▶ Information shown:
┄┄┄┄┄┄

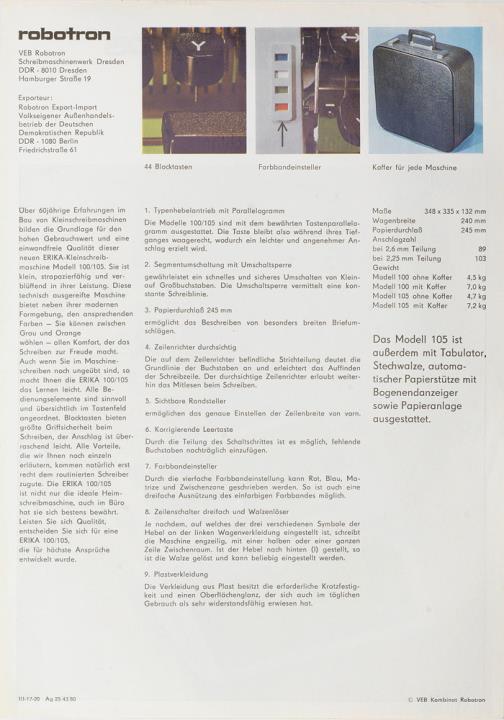 Prospekt für Schreibmaschine Erika 100, 105 Nr. III-17-20 Ag 25/43/80
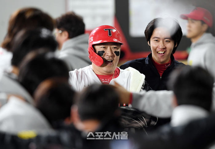 KIA 최형우가 28일 광주-기아 챔피언스필드에서 열린 2024 KBO리그 삼성과의 한국시리즈 5차전 5회말 무사 삼성 김태훈을 상대로 솔로 홈런을 치고 동료들과 함께 세리머니를 하고 있다. 2024. 10. 28.
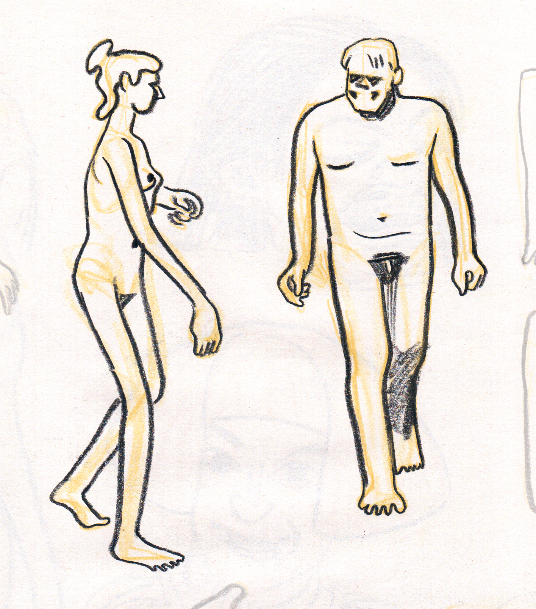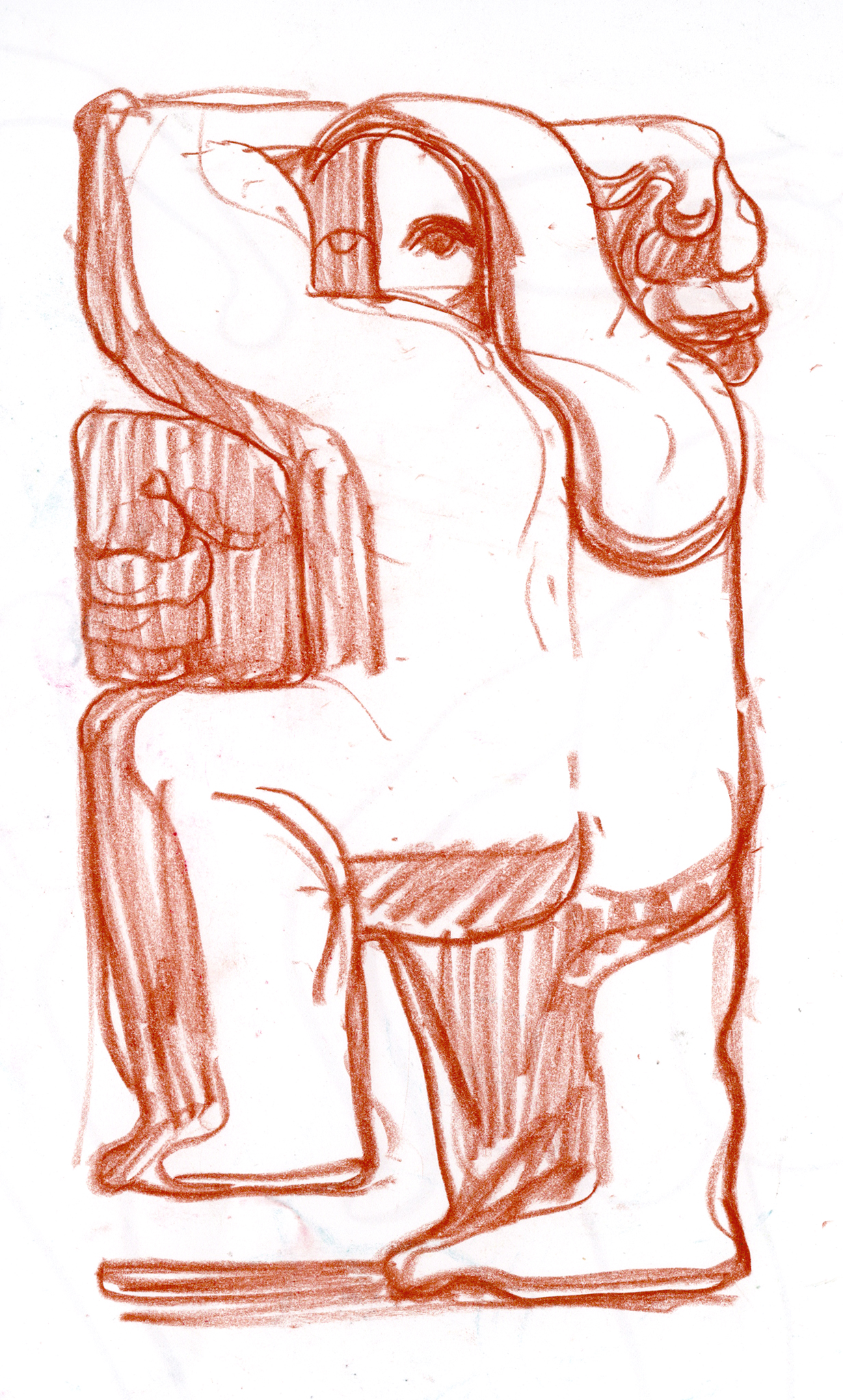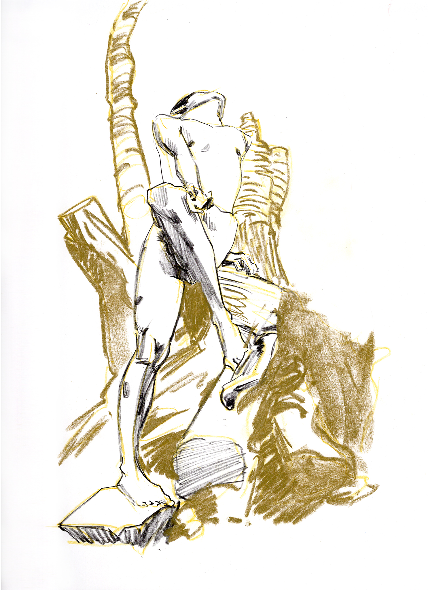 Charcoal and chalk pastel on paper.

┄┄┄┄┄┄

▶ Activity: Take the listing and print it again exactly, but without any pictures.

▶ Problem solution:
 Prospekt für Schreibmaschine Erika 100, 105 Nr. III-17-20 Ag 25/43/80
 KIA 최형우가 28일 광주-기아 챔피언스필드에서 열린 2024 KBO리그 삼성과의 한국시리즈 5차전 5회말 무사 삼성 김태훈을 상대로 솔로 홈런을 치고 동료들과 함께 세리머니를 하고 있다. 2024. 10. 28.
 Charcoal and chalk pastel on paper.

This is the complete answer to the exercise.